В тюрьме я влюбился в актрису, которая участвовала в популярной телепрограмме. Она приходила к нам давать уроки актерского мастерства и руководила тюремным драмкружком. Мы, как говорится, нашли друг в друге родственную душу. Она была блестящей актрисой. Я был писателем. Я видел, как в ее движениях и жестах оживают придуманные мной слова. Мы говорили друг с другом на языке, общем для всех творческих натур, – на языке ритма и вдохновения. Спустя какое-то время она призналась мне в любви. Я сразу поверил ей и верю до сих пор. Несколько месяцев мы давали выход нашим чувствам, используя те крохи времени, которые удавалось урвать между занятиями драмкружка, и обмениваясь длинными письмами, переправляемыми через нашу подпольную систему тайной переписки.
Закончилось все плохо. Меня бросили в карцер. Не знаю, откуда тюремщики проведали о наших отношениях, но они сразу стали выпытывать у меня подробности. Они были в ярости. В том, что актриса в течение нескольких месяцев поддерживала связь с заключенным, они усматривали оскорбительное неуважение их авторитета и, возможно, унижение их мужского достоинства. Они избивали меня дубинками, кулаками и сапогами, требуя, чтобы я признался, что мы были любовниками, – тогда они могли бы выдвинуть против нее официальное обвинение. На одном из допросов они предъявили мне ее фотографию – рекламный кадр, который они нашли в помещении драмкружка. Они сказали мне, что я должен всего лишь кивнуть и тогда они перестанут избивать меня. «Только один кивок, и все твои мучения кончатся! – кричали они, держа фотографию перед моей окровавленной физиономией. – Только один кивок!»
Но я ни в чем не признался. Я хранил ее образ запертым в моем сердце, как в сейфе, и они не могли добраться до него, ни сдирая с меня кожу, ни ломая мои кости. Однажды, когда я сидел в своей одиночке, зализывая раны на лице и вправляя сломанный нос, смотровое окошко в двери открылось и через него на пол впорхнуло письмо. Окошко закрылось. Я с трудом поднял письмо и кое-как дополз обратно до койки. Это было письмо от нее, с извинениями и наилучшими пожеланиями. Она встретила хорошего человека, писала она. Он музыкант. Все ее друзья уговаривали ее порвать со мной, потому что я отсиживал двадцатилетний срок и у нас не было будущего. Она полюбила этого человека и собиралась выйти за него замуж, когда его симфонический оркестр вернется из турне. Она сожалела о том, что у нас все так закончилось, но надеялась, что я пойму. Мы никогда больше не увидимся, но она желает мне всего самого хорошего в жизни.

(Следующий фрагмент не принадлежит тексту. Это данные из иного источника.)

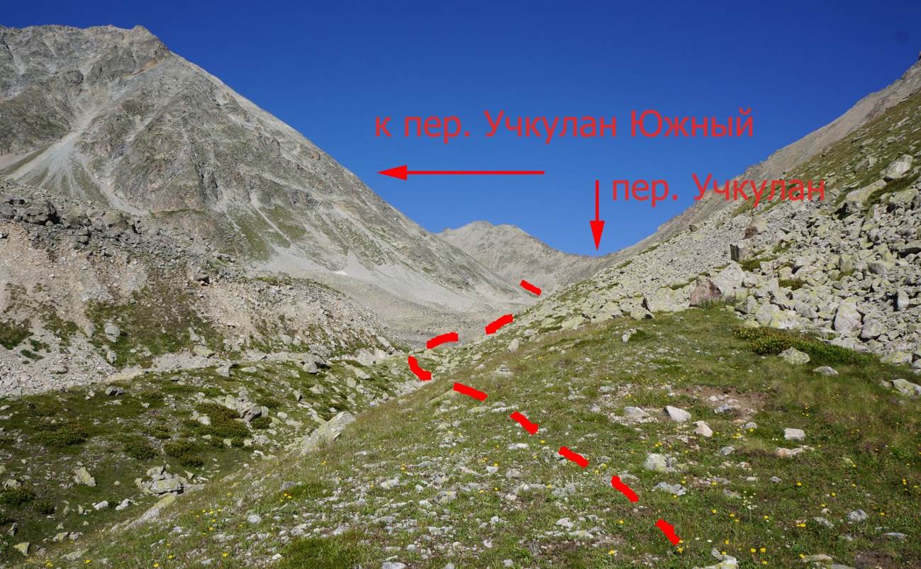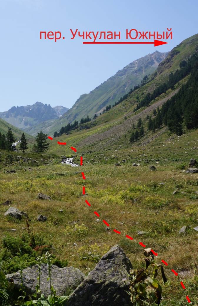Перевал Учкулан Южный - находится в Даутском хребте, разделяющим бассейны рек Даут и Учкулан, северней пер. Локомотивцев и ур. Джугу-Турлучат, является простым путем, позволяющим пройти из долины реки Кичкинакол в долину р. Даут. Перевал пройден группой в направлении СВ-ЮЗ 7 августа 2017 г. Снята записка группы г. Саратов рук. Мульдагалиев Т.И. от 10 июля 2016 г. Описание дается из долины р. Кичкинакол От моста через р. Учкулан, левым бортом долины, по проселочной дороге дойти до коша у р. Кичкинакол, левого притока р. Учкулан, 20 мин от моста. От края коша по набитой тропе подъем через еловый лес в висячую долину р. Кичкинакол, 2 часа. (Фото 1.) Выше границы леса путь выполаживается, тропа идет вдоль левого берега реки. Пройти мимо коша. Недалеко от коша есть удобные места под стоянки (N43 21.233 E41 58.095). Пройти осыпную ступень долины (Фото 2.), справа по ходу движения виден поворот в долину пер. Учкулан Южный, от коша 30 минут. С долины перевала стекает ручей. Сначала подниматься вдоль левого берега ручья, потом, подойдя к деревьям и крутому склону по правую руку, перейти на правый берег ручья и через поле подняться по склону в лоб до набитых коровьих троп, по ним траверсом зайти выше ручья минуя густую растительность вдоль русла. (Ручей уходит под камни, далее вода встречается только в двух местах до перевала.) Выйдя на центр долины подниматься по ее дну. Тропы нет. Через 1,5 часа выходим на первую ступень долины с характерной центральной мореной, поросшей можжевельником. (Фото 3.) На правом по ходу движения борту долины есть ручей, его слышно и видно густую растительность вокруг него, ручей исчезает в земле на середине склона. Подняться по правому борту долины по ходу движения выйти на вторую ступень, 30 минут. (Фото 4.) Тут есть места для стоянки (МН2, координаты N43 20.989 E41 56.756), но за водой придется ходить к ручью ниже, на левом борту долины (30 минут туда обратно). От МН по дну долины выйти в цирк перевала и подняться по левобережной морене. Справа от морены, по ходу движения, видны поля и возможные места для ночевок (возможные ночевки, координаты N43 21.119 E41 56.340, воды нет.) Далее мест для ночевок нет. Воду можно найти двигаясь выше по дну долины 100 м. Подняться на моренный вал забирая ближе к левому борту долины, отсюда хорошо видно весь цирк перевалов Учкулан и Учкулан Южный. (Фото 5.) По плато цирка подойти к перевальному взлету, 1 час от МН2. Далее плотной группой по осыпному склону, крутизной до 35°, периодически меняя направление подъема, подняться на узкую скальную седловину пер. Учкулан Южный, 2 часа. Тур находится по центру перевала. Группа поднялась на перевал в 15 часов 30 минут. Спуск с перевала представляет собой осыпной склон крутизной до 35°. С перевала начать спуск налево по среднему устоявшемуся курумнику (Фото 6.). Далее изменить направление движения и уйти вправо (Фото 7.). Спуск к реке с пер. Учкулан Южный заканчивается крутыми сбросами, ниже по долине есть выполаживающийся травянистый спуск к реке. (Фото 8.) У реки есть места под палатки, 2 часа от перевала (МН3, N43 20.924 E41 54.806, 2770м). Далее вдоль реки, сначала по заливным лугам, потом по руслу реки выйти к ур. Джугу-Турлучат. (Фото 9.) Уйти траверсом, постепенно сбрасывая высоту, на правый борт долины и подойти к зоне леса. (1 час от места ночевки) Идти вниз по долине вдоль леса, спускаясь в естественную луговую ложбинку. По её дну двигать

Кровь капала с моего лица на страницы письма. Охранники, несомненно, прочитали письмо, прежде чем подкинуть его мне. Я слышал, как они смеются за дверью моей камеры. Им казалось, что они одержали таким образом победу надо мной. Интересно, подумал я, выдержал бы этот ее музыкант мучения ради нее или нет? Возможно, и выдержал бы. Сказать, что у человека в душе, можно лишь после того, как начнешь отнимать у него одну надежду за другой.
И в эти недели после смерти Маурицио лицо Модены, точнее, мое представление о его окровавленном лице с застывшим взглядом и кляпом во рту стало смешиваться с моими собственными воспоминаниями о любви, утраченной в тюрьме. Сам не знаю почему. Казалось бы, не было оснований связывать судьбу Модены с моей жизнью. Тем не менее это происходило в моем сознании, и оттого во мне росла какая-то темнота, слишком оцепенелая, чтобы выразиться в печали, и слишком холодная для гнева.
Я старался бороться с этим чувством, загружая себя работой. Снялся еще в двух болливудских фильмах – в роли безмолвного гостя на вечеринке и в уличной сценке. Встретился с Кавитой, побуждая ее навестить Ананда в тюрьме. Почти каждый день я вместе с Абдуллой качал железо, занимался боксом и карате. Время от времени я проводил день в своей бывшей «клинике» в трущобах. Помогал Прабакеру и Джонни в подготовке к свадьбе. Слушал лекции Кадербхая, с головой уходил в книги, рукописи и пергаменты в библиотеке Абдула Гани, рассматривал древние фаянсовые изделия с гравировкой, имевшиеся в изобилии в его личной коллекции. Но никакие занятия и нагрузки не могли рассеять тьму, образовавшуюся внутри меня. Постепенно истерзанное лицо испанца и его беззвучно кричащие глаза окончательно слились с моими личными воспоминаниями, с кровью, капавшей на письмо, с рвущимся из меня, но не слышным никому криком. Эти невыкричанные моменты нашей жизни остаются с нами, спрятанные в самом укромном уголке сердца, куда любовь приползает умирать, как забиваются в глухую чащу умирающие слоны. Только там наша гордость позволяет себе выплакаться. И в эти одинокие ночи и перепутанные в сознании дни передо мной непрерывно стояло лицо Модены, его глаза, устремленные на дверь.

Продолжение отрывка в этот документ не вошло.